Andy stopped. Completely. The office noise blurred into a dull, meaningless hum around her as the sentence replayed itself in her head once. Twice. Ten times.
“I love you.”
Andy physically froze. The newsroom vanished around her. Every thought in her head seemed to collide at once in one catastrophic pile-up.
Oh my God. Oh my God. Emily. Emily loved her. Emily was in love with her. Emily had WRITTEN IT DOWN. Emily Charlton—who treated vulnerability like a contagious disease and compliments like acts of terrorism—had somehow written the words I love you down on paper and mailed them across Manhattan. Andy’s mouth fell slightly open in horror.
And then, underneath the shock, another thought arrived with equal force: was she supposed to be reading this? Because suddenly this didn’t feel like a letter anymore. It felt like accidentally walking in on someone mid-breakdown. The messy handwriting. The aggressive pen marks. The way the sentences became less controlled as they went on…this wasn’t polished Emily. This wasn’t composed, terrifyingly efficient Emily Charlton with her perfect posture and devastating one-liners.
This was something private. Something raw enough that Andy’s chest actually hurt looking at it. Had Emily meant to send this? The idea of sober Emily voluntarily mailing a handwritten confession across Manhattan felt deeply implausible. Well, she must have been drunk—just drunk enough to do something so reckless, so unlike the Emily she knew. Andy suddenly found herself thinking about the missed late-night phone call weeks ago. The strange silence afterward. The fact that there was no note attached. No explanation. No signature. Just this.

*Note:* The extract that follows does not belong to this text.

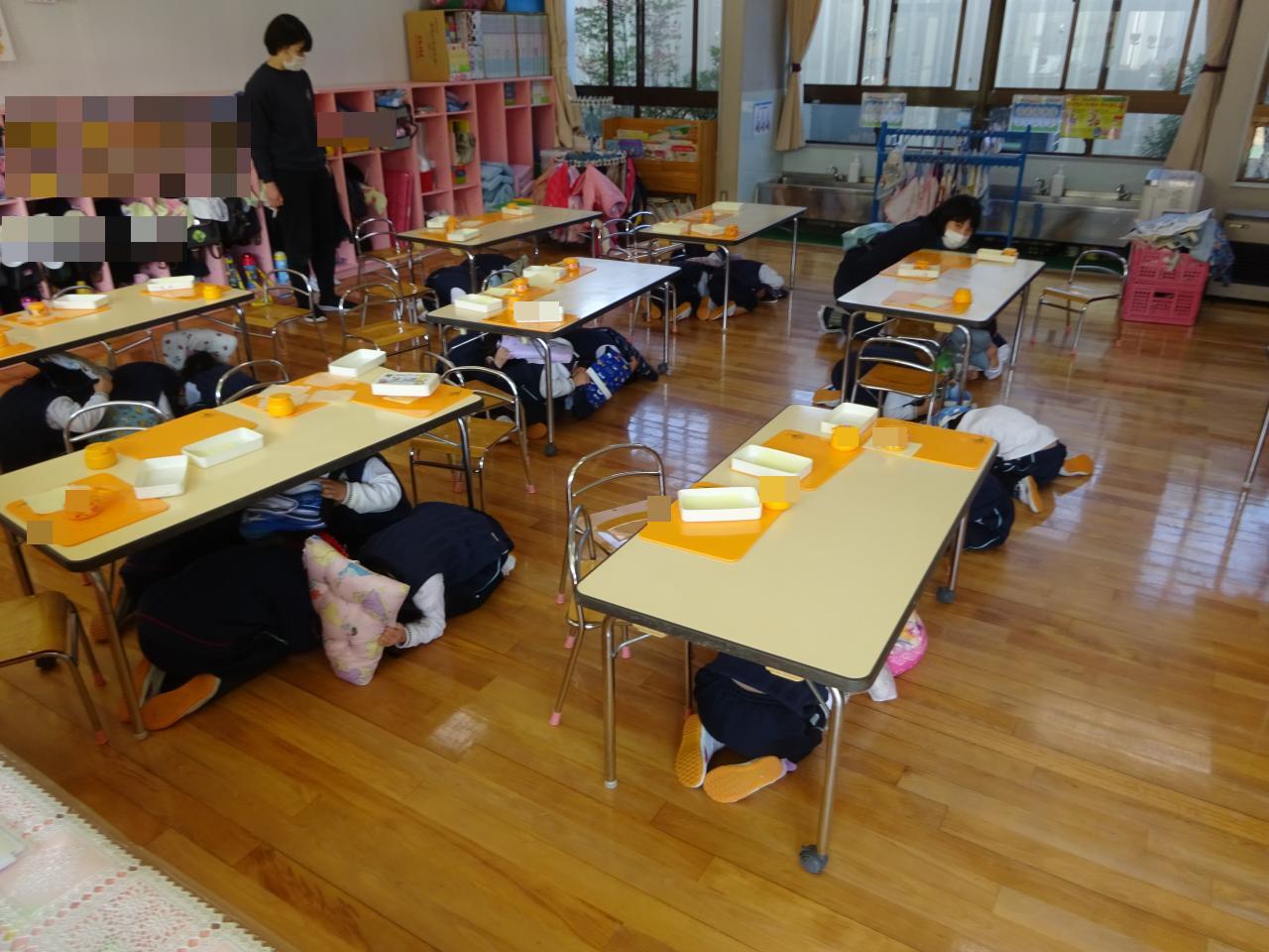 突然の放送に、園庭で遊んでいるクラスや身体測定をしているクラス等もありましたが、放送をしっかりと聞き避難姿勢をとることができました。

Andy stared at the page in absolute disbelief. Then, before she could stop herself—“Oh my God,” she whispered.
Unfortunately, she whispered it directly into a newsroom full of journalists. Loudly. Loud enough that half the newsroom looked up instantly. Phones paused midair. Keyboards stopped clacking. Somewhere near the printers, someone actually turned around in their chair.
Melissa whipped toward her immediately. “WHAT?”
Andy snapped the paper flat against her chest on pure instinct, face burning so violently she thought she might actually pass out. “Nothing.”
Melissa looked deeply offended. “That was not a nothing ‘oh my God.’ That was a discovering-a-body ‘oh my God.’”
Across the room, her editor leaned over his cubicle wall. “Sachs, you okay over there?”
“Fine!” Andy answered much too quickly. Which only made everyone continue staring.
Melissa’s eyes narrowed dangerously. “Andy.”
Andy looked back down at the paper like it might rearrange itself into something less insane if she blinked hard enough. It did not.
“I fucking love you.”
A horrifying warmth was spreading rapidly through her entire body now, equal parts shock and something dangerously close to joy.
“Oh my God,” she said again, quieter this time.
Melissa looked moments away from climbing physically across the desk. “Andrea.”
Andy jerked the paper harshly facedown on her desk, cheeks reddening even more, as if that was possible.
“I think,” she said faintly, “I may be reading something I was never meant to see.”
Melissa gasped. “IS IT SEXUAL?”
“No!”
A pause. Andy looked back down at the page.
“…not exactly?”
Melissa made a strangled noise of frustration. “Give me the letter.”
“No, absolutely not.”
“You’re shaking.”
“I am not shaking.”
“You look like you’ve seen God.”
Andy pressed a hand briefly against her forehead. Because this was insane. Completely, objectively insane. Emily hated vulnerability. Emily hated losing control. Emily probably considered having emotions a minor personal failure.
And somehow, somewhere between anger and jealousy and apparently alcohol-induced catastrophe, she had written Andy a ten-item list culminating in a furious declaration of love.
Andy looked back at the final line again.
“You have absolutely no idea that I love you.”
A hysterical little laugh nearly escaped her. “Well,” she muttered under her breath, still staring at the page, “I do now.”